Closed suntao2012 closed 6 years ago
Regarding fp16/fp32 performance, the single- and dual-block implementations are limited by the time to stream weights into the Streaming Multiprocessor -- fp16 weights are half the size of fp32 weights. The persistent variant, on the other hand, loads all weights into the Streaming Multiprocessor registers so the weight bandwidth is not in the performance-critical path. This is discussed more fully on the blog post at https://devblogs.nvidia.com/nv-wavenet-gpu-speech-synthesis/.

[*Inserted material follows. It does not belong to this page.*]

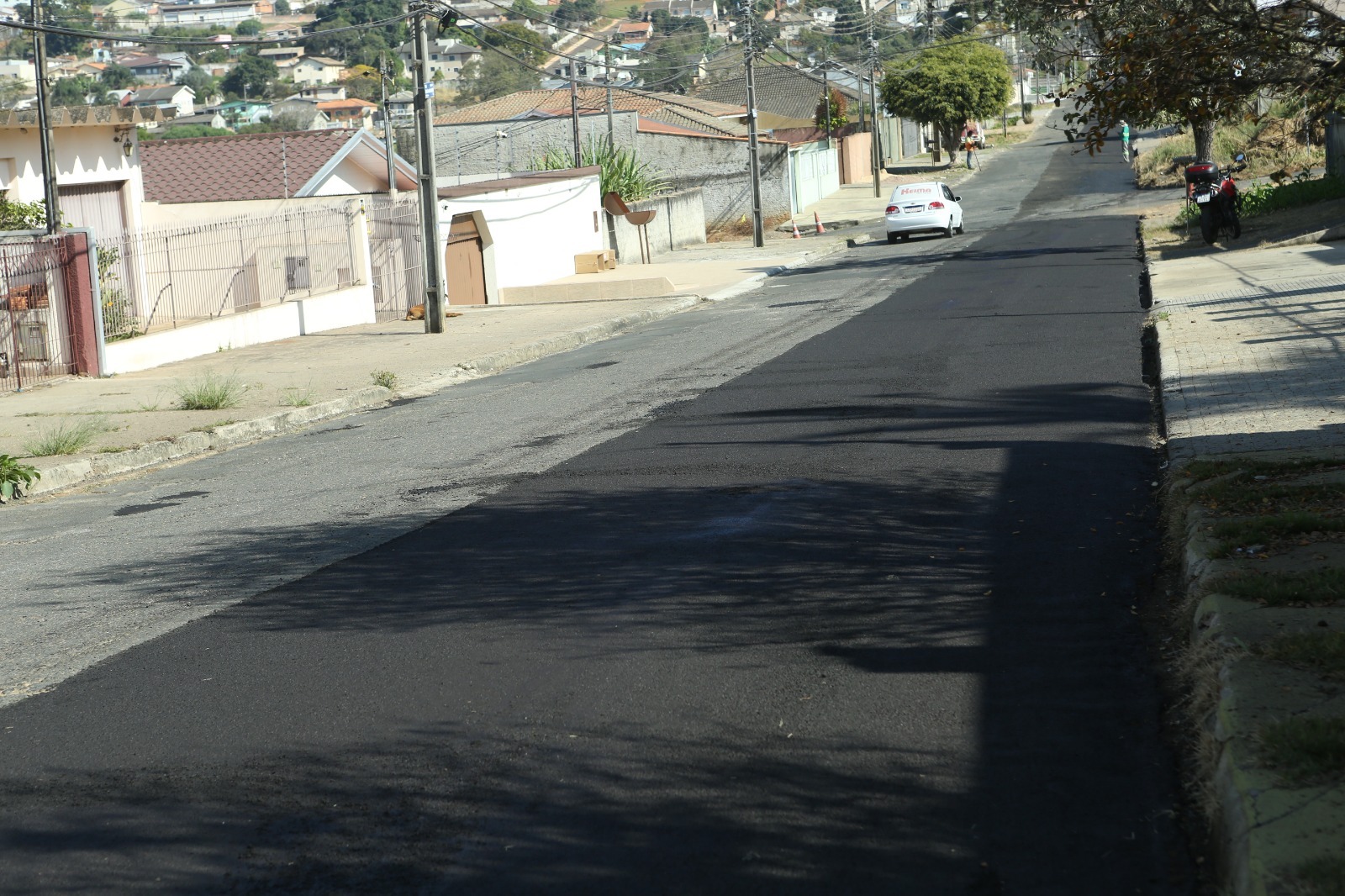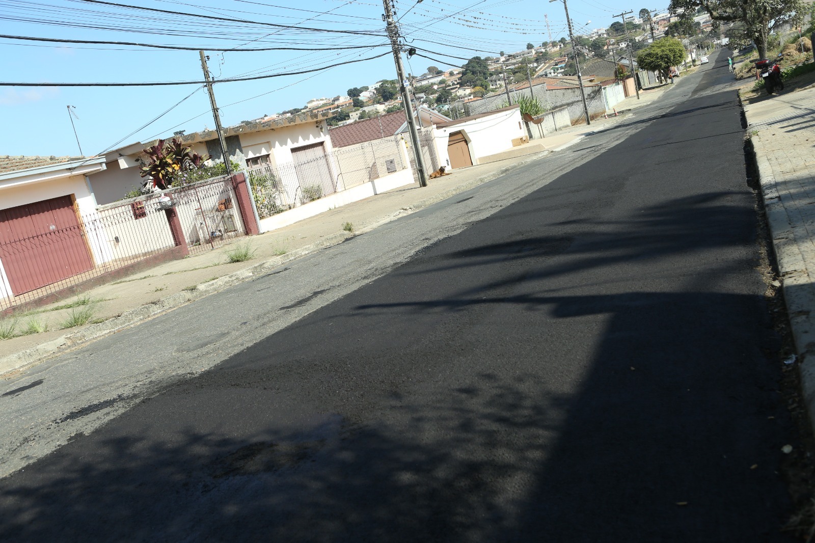 A Prefeitura de Ponta Grossa realiza nesta semana melhorias na Rua José Joaquim da Maia, em Vila Oficinas – proximidades do Lago de Olarias. Nesta via, estão sendo recapeadas seis quadras, com a correção das erosões com massa asfáltica, seguida da aplicação de microrrevestimento, dando uniformidade à pista.

Regarding P100 vs V100: Since this is just batch=1, performance is mostly a function of core clock. Since your P100 clock is higher than V100, it is expected that it will perform better on a model which fits into both GPUs. Since V100 is larger, it can support larger models in the persistent mode. V100 will also provide higher throughput (batch size) than P100 in the single- and dual-cta modes, as it can run more blocks in parallel.
I have built for pascal/volta with sm_60/sm_70, and it runs well on P100 & V100. but when I set all parameters the same but with different precisions fp16/fp32, but got the similar performance when the mode is PERSISTENT, both on P100 and V100, but it is totally different when set to other mode(SINGLE, DUAL). so, first question is, why does this happened?
second question is, the V100 has enable Tensor Core, Did this souce code use tensor core?
and last question is, the V100 is up to date, so it is supposed to be better, however, the actually performance is close even a little less than P100, so why?